## TO DO
Below are entries with pictures in them. Output exactly the lines starting at the line with "Funda para Tablet" and ending at the line with "HABITAT Texture 3/4", both included, but not the pictures.

## SUPPLIED RECORDS
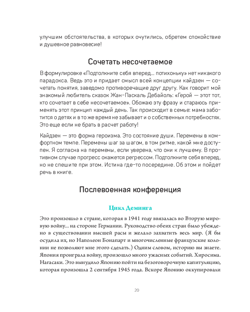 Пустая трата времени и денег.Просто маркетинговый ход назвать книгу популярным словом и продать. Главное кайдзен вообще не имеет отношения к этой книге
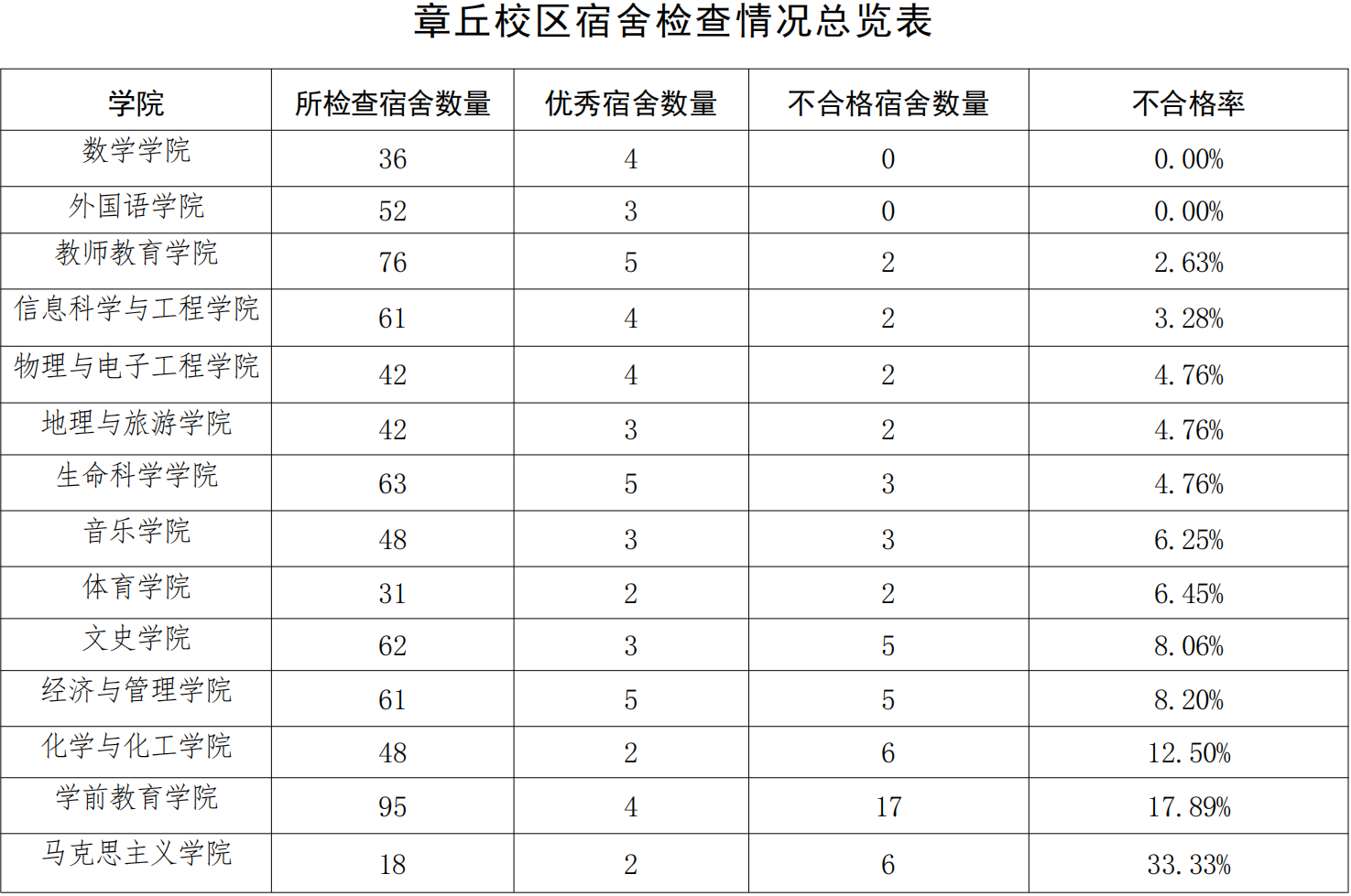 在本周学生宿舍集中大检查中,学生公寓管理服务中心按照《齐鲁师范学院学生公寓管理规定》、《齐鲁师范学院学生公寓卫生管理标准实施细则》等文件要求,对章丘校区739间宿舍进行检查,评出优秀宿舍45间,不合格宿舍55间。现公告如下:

...

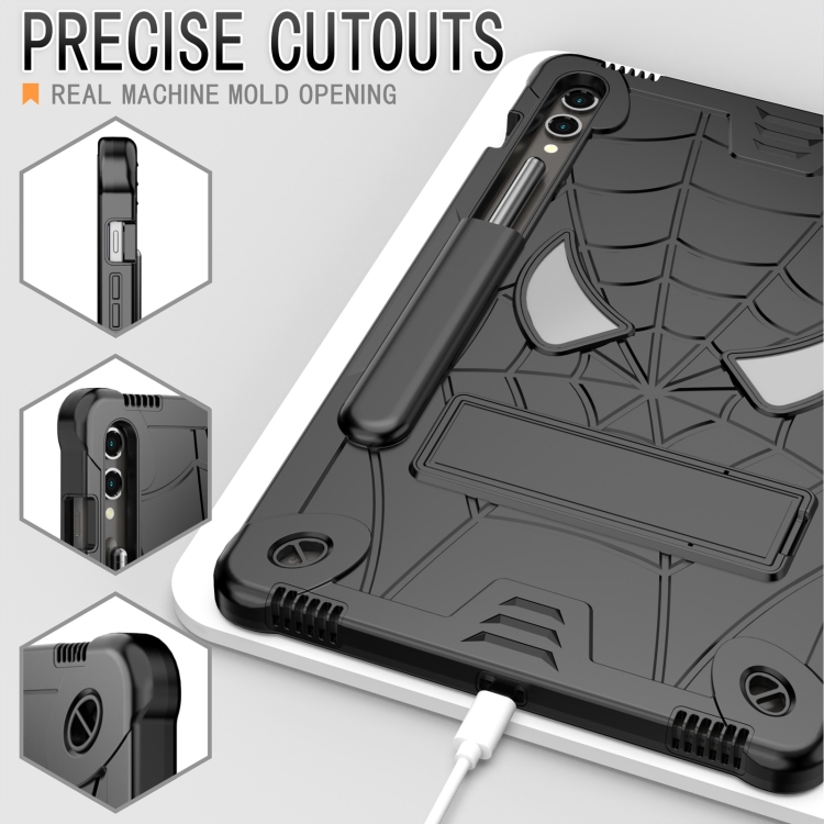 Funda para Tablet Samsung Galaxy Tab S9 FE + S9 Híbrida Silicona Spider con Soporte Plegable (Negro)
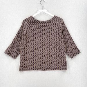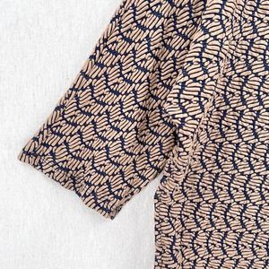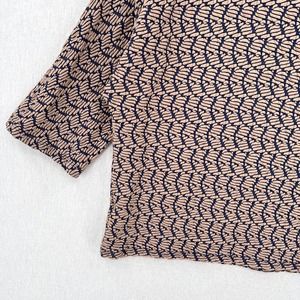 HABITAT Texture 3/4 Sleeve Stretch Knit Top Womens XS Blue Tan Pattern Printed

## EXERCISE OUTPUT
 Funda para Tablet Samsung Galaxy Tab S9 FE + S9 Híbrida Silicona Spider con Soporte Plegable (Negro)
 HABITAT Texture 3/4 Sleeve Stretch Knit Top Womens XS Blue Tan Pattern Printed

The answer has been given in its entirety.